Adam: I would suggest that there is no such thing as the perfect golf course and there are some changes which an architect would make after a few years of play to any design - I'm not saying anything major but just a tweak - like softening a green, moving a bunker, adding a tee box, etc.
I think the comparison with JN has been done already and is not nearly as subtle or interesting as C & C versus Doak. I have no idea how Ballyneal would be different if Jim Urbina had worked on it - do you?
As Tom Paul says, it is very hard to answer questions like this, because in the end, I don't think any of you really understand how
fleeting design can be. It's made out to be a complicated process, but part of that process is inspiration, and inspiration is a moment. I change my mind all the time when I'm out on site, based on what my associates have been working on and looking at, reacting to what we have built already, and what the client has said, and perhaps even my own mood.

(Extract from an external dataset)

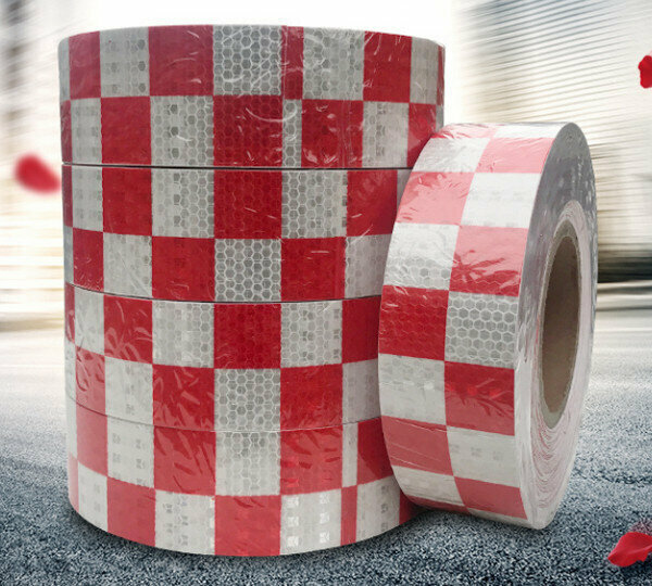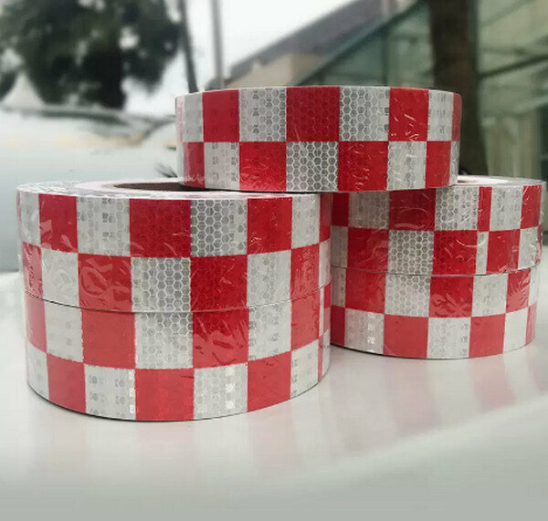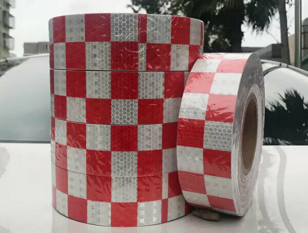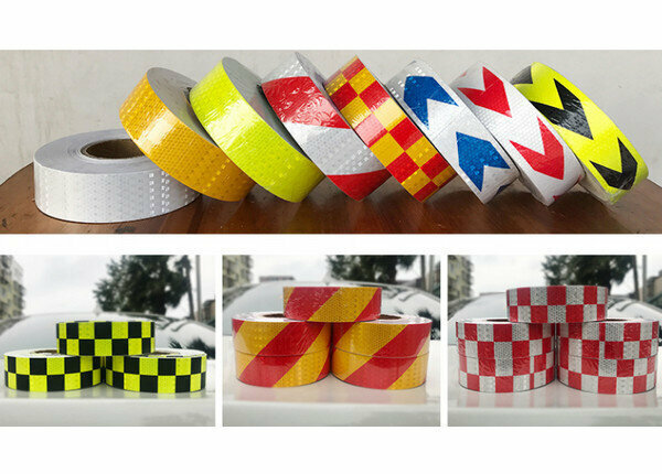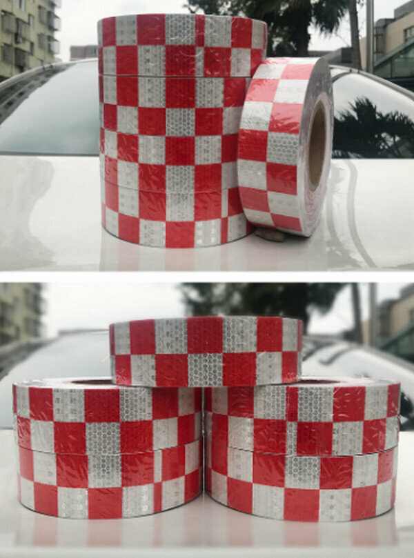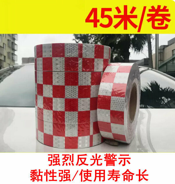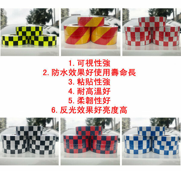 熱推車輛安全警示貼-黃黑格子款-強膠【150張/卷/45米】強烈反光警示

People ask whether with the benefit of hindsight, I might build a different hole now than I did ten or twenty years ago. Heck, I might build a completely different hole in Florida next week than I did last week. But, that is also why I am less likely than most people to second-guess my own designs ... because I know that any new idea is just as fleeting as the old one. So as long as the original design is working, there is nothing to fix.
As to our work changing generally over time, I think it's almost inevitable that most architects' work gets a bit more conservative over time, as more attention is paid and more money is at stake and as clients think they know what we will do. I've tried to fight that tendency inside myself, as much as anyone can.